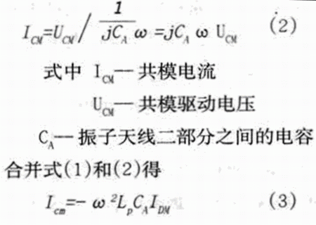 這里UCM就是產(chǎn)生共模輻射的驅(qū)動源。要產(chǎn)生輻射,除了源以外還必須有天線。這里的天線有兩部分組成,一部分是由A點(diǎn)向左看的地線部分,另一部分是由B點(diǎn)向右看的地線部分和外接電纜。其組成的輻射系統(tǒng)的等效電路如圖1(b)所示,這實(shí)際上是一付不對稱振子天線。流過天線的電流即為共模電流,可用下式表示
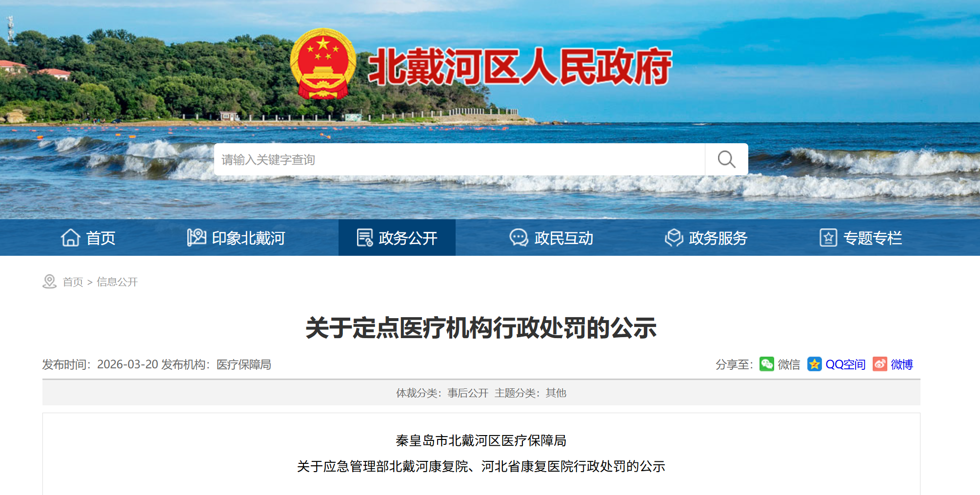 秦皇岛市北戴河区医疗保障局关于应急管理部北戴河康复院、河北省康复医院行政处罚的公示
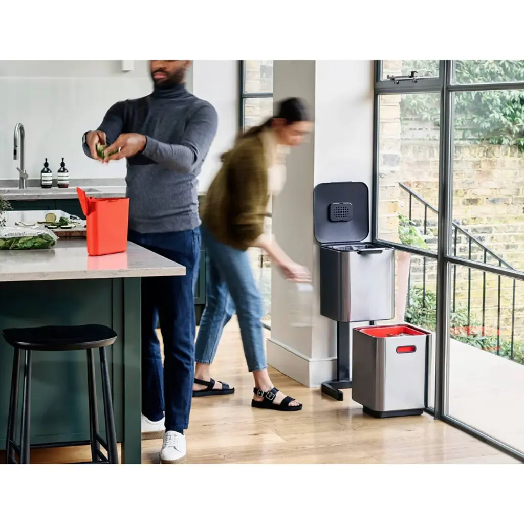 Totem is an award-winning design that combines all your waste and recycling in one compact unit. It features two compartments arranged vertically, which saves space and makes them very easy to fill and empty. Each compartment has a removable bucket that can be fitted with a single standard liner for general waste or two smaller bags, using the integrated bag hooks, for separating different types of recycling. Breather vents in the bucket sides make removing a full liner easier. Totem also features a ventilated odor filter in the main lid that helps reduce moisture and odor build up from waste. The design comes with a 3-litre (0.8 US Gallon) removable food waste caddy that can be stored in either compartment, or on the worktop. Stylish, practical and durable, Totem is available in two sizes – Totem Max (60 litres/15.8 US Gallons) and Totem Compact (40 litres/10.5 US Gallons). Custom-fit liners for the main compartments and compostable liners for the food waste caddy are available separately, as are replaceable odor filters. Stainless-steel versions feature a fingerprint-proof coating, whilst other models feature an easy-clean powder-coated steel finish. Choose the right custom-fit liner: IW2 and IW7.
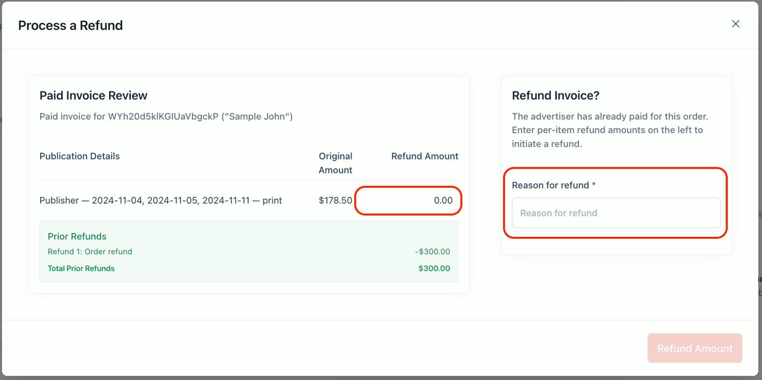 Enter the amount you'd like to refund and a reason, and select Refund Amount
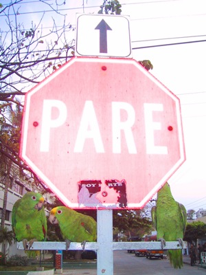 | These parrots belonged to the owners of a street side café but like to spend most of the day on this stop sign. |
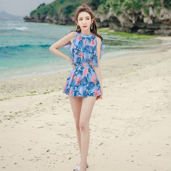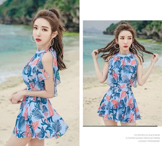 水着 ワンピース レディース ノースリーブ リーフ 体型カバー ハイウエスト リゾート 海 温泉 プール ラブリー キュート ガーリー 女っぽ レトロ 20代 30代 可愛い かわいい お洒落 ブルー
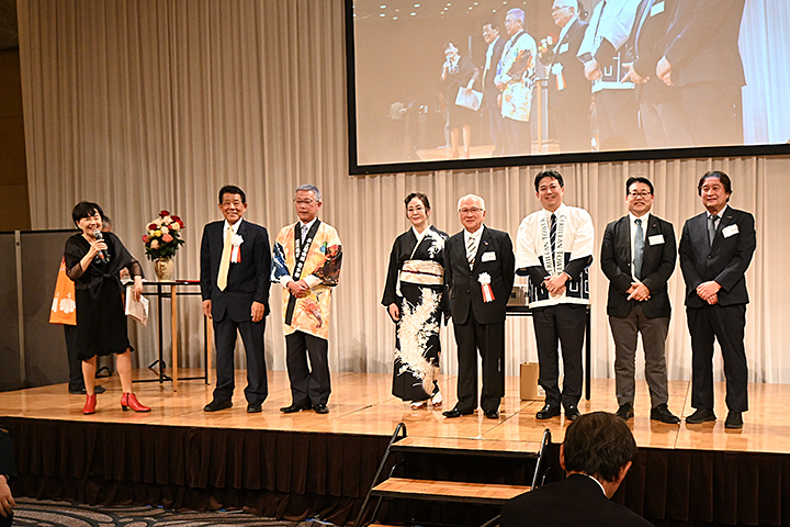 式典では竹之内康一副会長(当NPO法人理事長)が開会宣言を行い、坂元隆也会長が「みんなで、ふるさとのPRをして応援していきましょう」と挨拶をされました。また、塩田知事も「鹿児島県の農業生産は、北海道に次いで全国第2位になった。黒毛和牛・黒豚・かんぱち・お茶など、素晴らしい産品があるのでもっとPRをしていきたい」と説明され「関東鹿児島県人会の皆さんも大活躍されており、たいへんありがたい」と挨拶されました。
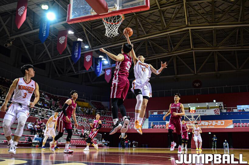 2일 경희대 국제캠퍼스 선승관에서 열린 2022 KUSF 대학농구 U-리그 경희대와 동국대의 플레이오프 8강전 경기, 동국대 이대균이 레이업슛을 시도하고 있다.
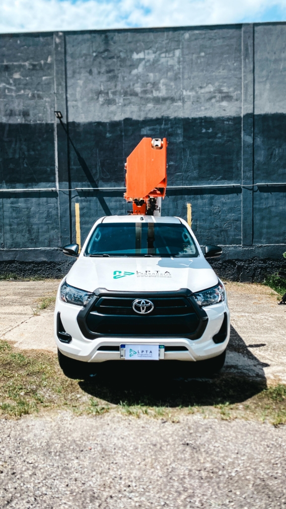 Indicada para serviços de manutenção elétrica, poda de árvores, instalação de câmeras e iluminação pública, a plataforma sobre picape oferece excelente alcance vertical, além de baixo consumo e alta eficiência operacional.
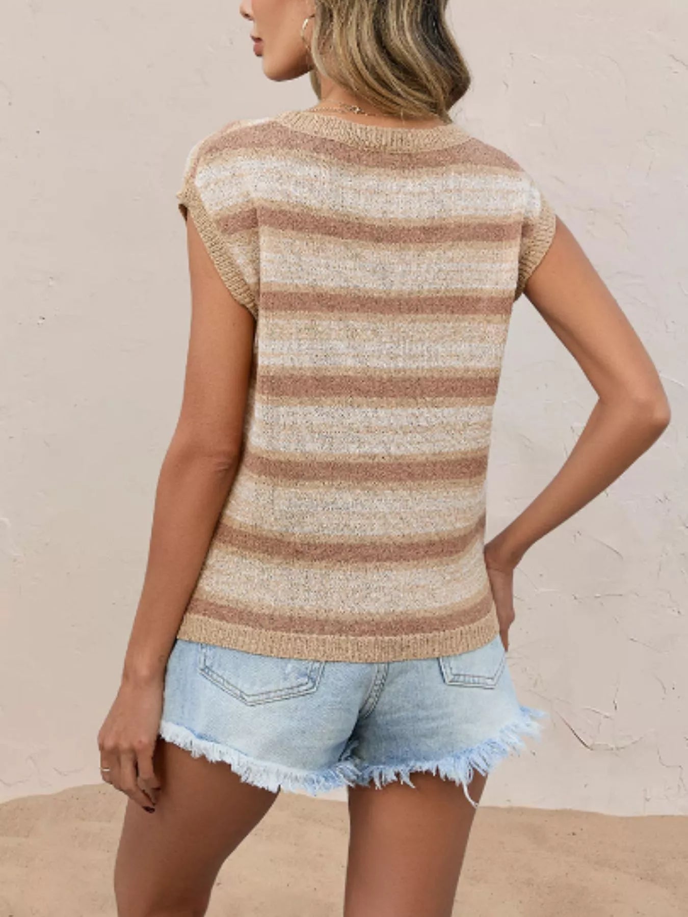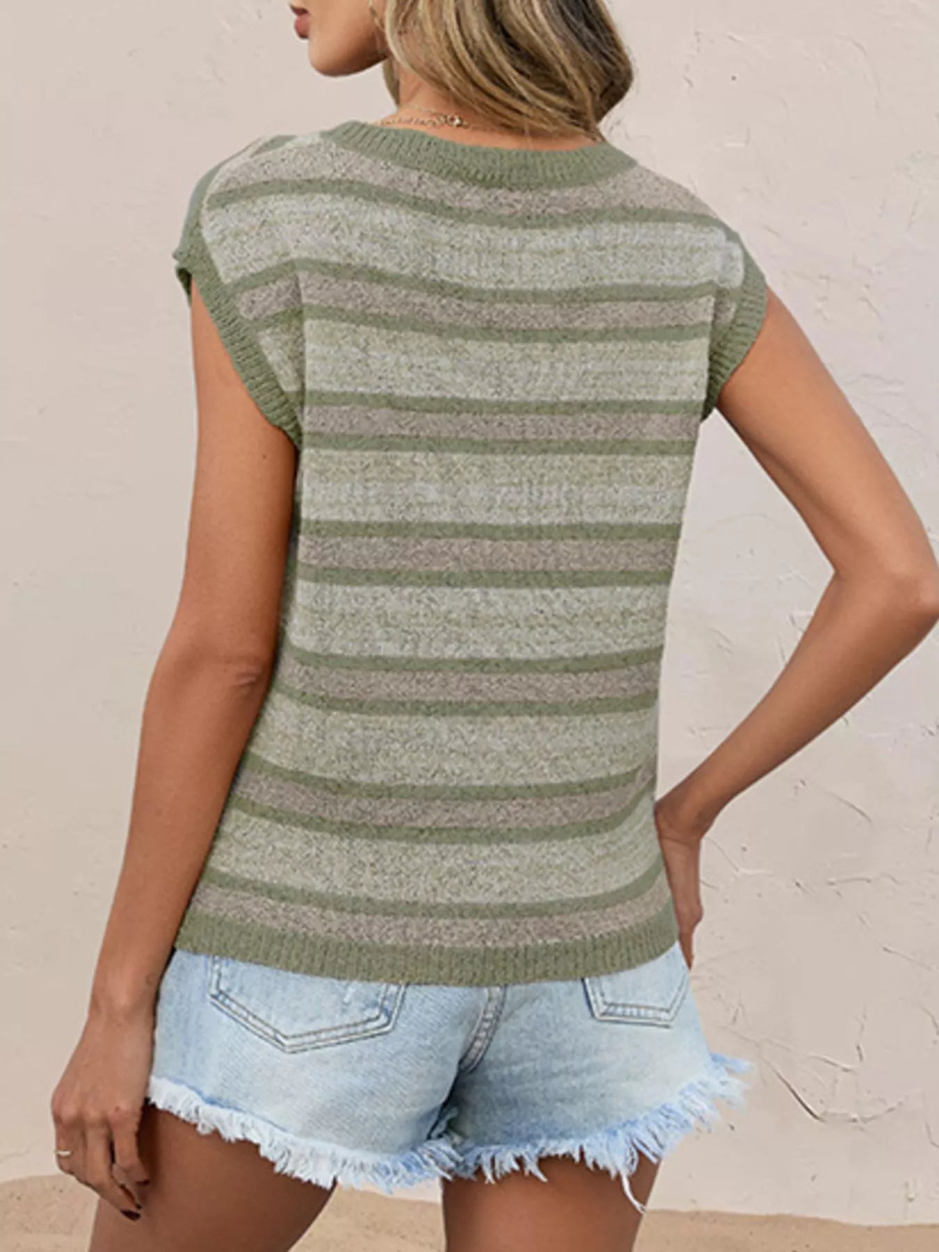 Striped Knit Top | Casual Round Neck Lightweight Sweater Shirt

• • •

THE TASK: An exact reproduction of the lines from the line containing "2일 경희대 국제캠퍼스" through the end of the listing above is needed; pictures stay out.

FINISHED TASK:
 2일 경희대 국제캠퍼스 선승관에서 열린 2022 KUSF 대학농구 U-리그 경희대와 동국대의 플레이오프 8강전 경기, 동국대 이대균이 레이업슛을 시도하고 있다.
 Indicada para serviços de manutenção elétrica, poda de árvores, instalação de câmeras e iluminação pública, a plataforma sobre picape oferece excelente alcance vertical, além de baixo consumo e alta eficiência operacional.
 Striped Knit Top | Casual Round Neck Lightweight Sweater Shirt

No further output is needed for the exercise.